Centuri - Saint Florent

Centuri - Saint Florent

Je ne vais pas vous mentir, avec l’effort de la veille ce deuxième jour nous a paru plutôt difficile…

On commence l’étape par une montée assez ardue de 4 km pour quitter le port de Centuri et rejoindre la départementale. Ce qui est difficile sur toute cette portion, c’est que le parcours est une succession de montées bien marquées et de descentes au niveau de la mer. En revanche, le paysage est magnifique !

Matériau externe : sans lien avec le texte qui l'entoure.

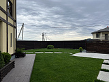 Коммуникационные и инженерные системы уже подключены. Установлены очень качественные стеклопакеты с высоким уровнем шумоизоляции и защитой от UV-лучей. Полностью завершены работы по внешней отделке дома и благоустройству прилегающей к нему территории. Кстати, на участке выполнен очень красивый ландшафтный дизайн, ненавязчиво подчеркивающий эстетику архитектурного решения.

Cap Corse, entre Centuri et Nonza

Cap Corse, entre Centuri et Nonza

Avec le recul, je n’arrive pas à savoir si ça nous a paru difficile parce que ce n’était que notre deuxième jour et qu’on n’était pas encore totalement « chauds » ou si ça l’était vraiment. Je suis preneuse des commentaires des cyclotouristes qui seraient passés par là ! En tous cas, on a croisé un australien avec sacoches à l’avant et à l’arrière du vélo, qui venait du fin fond du Portugal, avait traversé l’Espagne et s’apprêtait à rejoindre l’Italie après son passage en Corse. Il a déclaré que la Corse était la partie la plus difficile de son périple !

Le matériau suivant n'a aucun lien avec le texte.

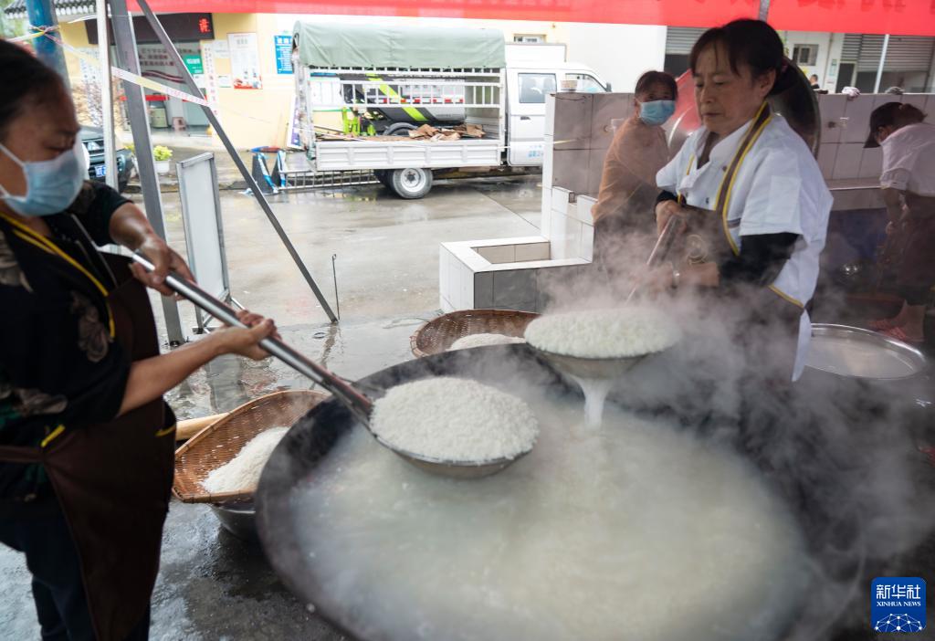 9月9日,在石棉縣新民鄉(xiāng)海耳村臨時安置點,村民志愿者在做飯。

Entre Nonza et Saint Florent

Entre Nonza et Saint Florent

L’arrivée sur Saint Florent traîne un peu en longueur : l’étape se termine par une longue ligne droite qui en plus a le mauvais goût d’être un faux plat, puis la ville étant assez étendue, l’espoir d’être arrivé se dissipe après un ou deux km ! Le centre-ville n’est pas juste derrière le panneau Saint Florent, notez-le pour garder de l’énergie… Ici, en plus, on a choisi un camping à l’opposé de la route empruntée pour arriver… il s’agit du camping la Pinède, qui dispose d’une piscine très agréable. Les sanitaires sont corrects, mais les emplacements sont un peu boueux.

Au passage, n’oubliez pas le spray anti-moustique…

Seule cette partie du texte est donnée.